Selon le Sénat, la non-livraison des BPC à la Russie coûtera au moins 200 millions d’euros

Selon l’accord conclu le 5 août dernier au sujet de la non-livraison des deux Bâtiments de projection et de commandement (BPC) de type Mistral à la marine russe, la France a remboursé 949,7 millions d’euros à la Russie. Soit le montant que cette dernière avait déjà avancé pour l’acquision de ces navires commandés en 2011 pour 1,2 milliards d’euros.

La semaine passée, l’on apprenait que ces deux BPC allaient prendre la direction de l’Égypte, Le Caire les ayant achetés pour 950 millions d’euros environ. Ce qui a fait dire au porte-parole du gouvernement et ministre de l’Agriculture, Stéphane Le Foll, que la non-livraison des bateau à la Russie ne se traduirait finalement par aucune perte pour les finances publiques.

Le fait est, 949,7 millions remboursés d’un côté… et 950 millions de recettes de l’autre… La balance est, à première vue, à l’équilibre. Sauf pour la commission des Finances du Sénat, pour qui cette opération se soldera par une perte évaluée entre 200 et 250 millions d’euros pour le contribuable.

« Il est faux de soutenir, comme le fait le Gouvernement, que la France et ses industriels ne subiront ‘aucune perte’ du fait de ces accords grâce la revente des BPC à l’Égypte », a-t-elle affirmé dans un communiqué publié ce 29 septembre, à l’issue de l’examen du rapport pour avis de M. Dominique de Legge [.pdf] concernant le projet de loi autorisant l’approbation de l’accord du 5 août.

« Hors revente des BPC, l’État supportera une perte financière d’environ 1,1 milliard d’euros, qui se traduira en 2015 par un effet négatif sur le solde budgétaire de 556,7 millions d’euros » et « si l’accord de principe trouvé avec l’Égypte se concrétise effectivement, le reversement au budget général d’une fraction du produit de la vente des BPC pourrait finalement ramener le coût pour l’État à un montant compris entre 200 millions d’euros et 250 millions d’euros », est-il avancé dans le texte.

Dans son rapport, le sénateur Dominique de Legge (Les Républicains) donne le détail des calculs faits pour arriver à ces montants :

« L’État a certes versé 949,7 millions d’euros à la Russie, mais a reçu 893 millions d’euros de DCNS et supportera sur son patrimoine propre une perte d’un peu plus d’un milliard d’euros au titre de l’indemnisation des industriels français, soit un coût total provisoirement estimé à 1,1 milliard d’euros. Or, si l’accord avec l’Égypte se concrétise, l’État récupérera via Coface une fraction du produit de la vente des BPC dont on peut provisoirement estimer qu’elle se situera entre 850 millions d’euro et 900 millions d’euros, le prix de la formation des marins et des quatre années de soutien prévues au contrat revenant à DCNS. La perte totale pour l’État pourrait donc être comprise entre 200 millions d’euros et 250 millions d’euros ».

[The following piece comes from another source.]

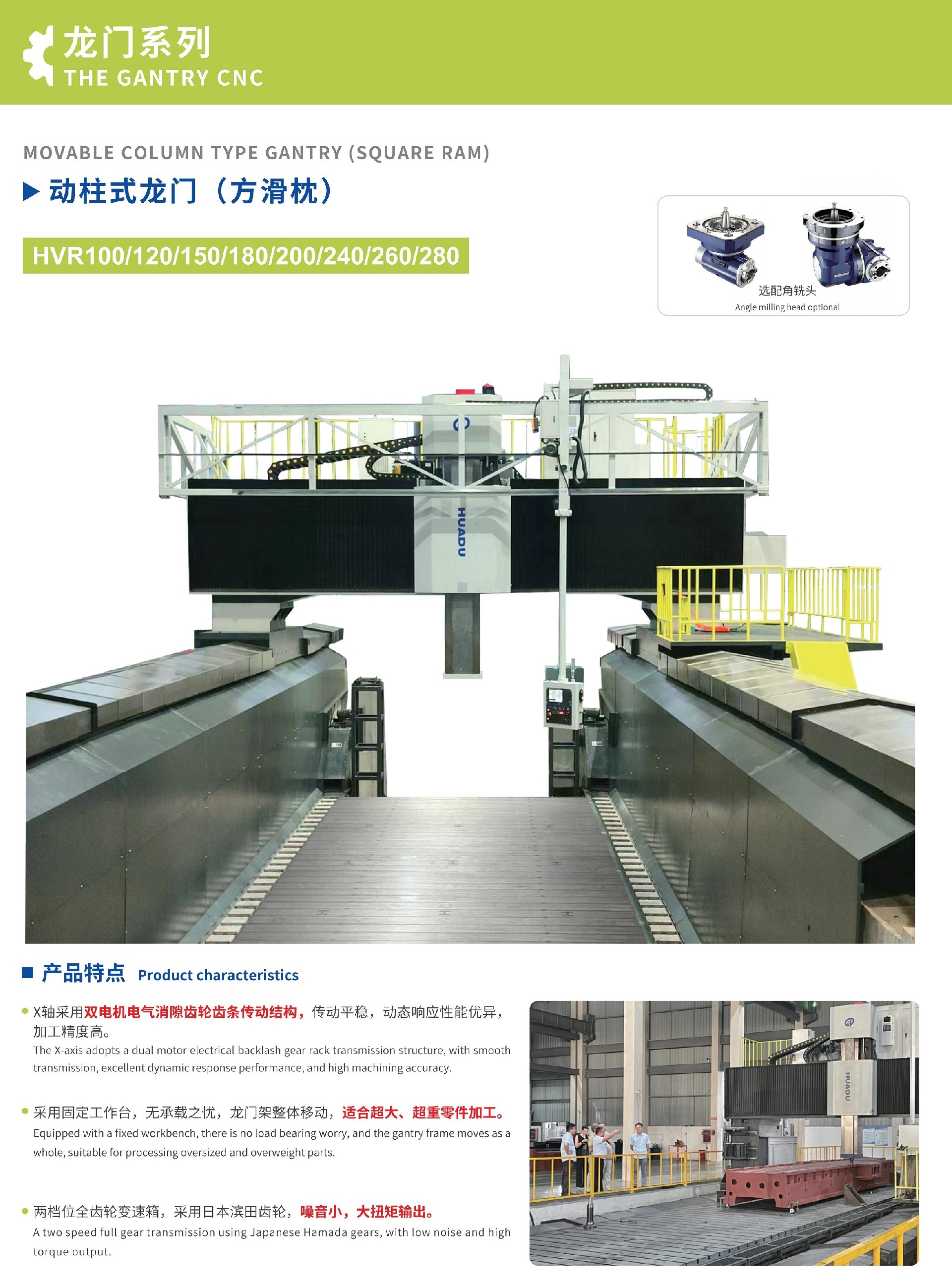 X軸采用雙電機(jī)電氣消隙齒輪齒條傳動(dòng)結(jié)構(gòu),傳動(dòng)平穩(wěn),動(dòng)態(tài)響應(yīng)性能優(yōu)異,加工精度高;采用固定工作臺(tái),無(wú)承載之憂(yōu),龍門(mén)架整體移動(dòng),適合超大、超重零件加工;兩檔位全齒輪變速箱,采用日本濱田齒輪,噪音小,大扭矩輸出

Quant à DCNS, sa perte pourrait s’établir à environ 150 millions d’euros. Cette somme dépend en fait des modalités d’indemnisation proposées par la Coface. Elle correspond « à la perte de marge sur le contrat russe ».

Par ailleurs, la commission des Finances, présidées par Mme le sénateur Michèle André (Socialiste et républicain), a dénoncé la procédure suivie par le gouvernement dans cette affaire. L’entrée en vigueur de l’accord dès sa signature et la décision de procéder au remboursement immédiat des sommes avancées par la Russie « constituent une entorse aux règles constitutionnelles et une atteinte aux droits du Parlement », car, estime-t-elle, « ce dernier se trouve en effet placé devant le fait accompli alors que la Constitution prévoit qu’un accord engageant les finances de l’État lui soit soumis avant de pouvoir entrer en vigueur ».

Pour autant, et compte tenu que ces accords ont permis de mettre un terme à « une affaire au coût diplomatique certain » susceptible de présenter « des risques finances importants », la commission des Finances a décidé de s’en « remettre à la sagesse du Sénat », alors qu’elle « n’a pas souhaité donner un avis favorable au projet de loi ».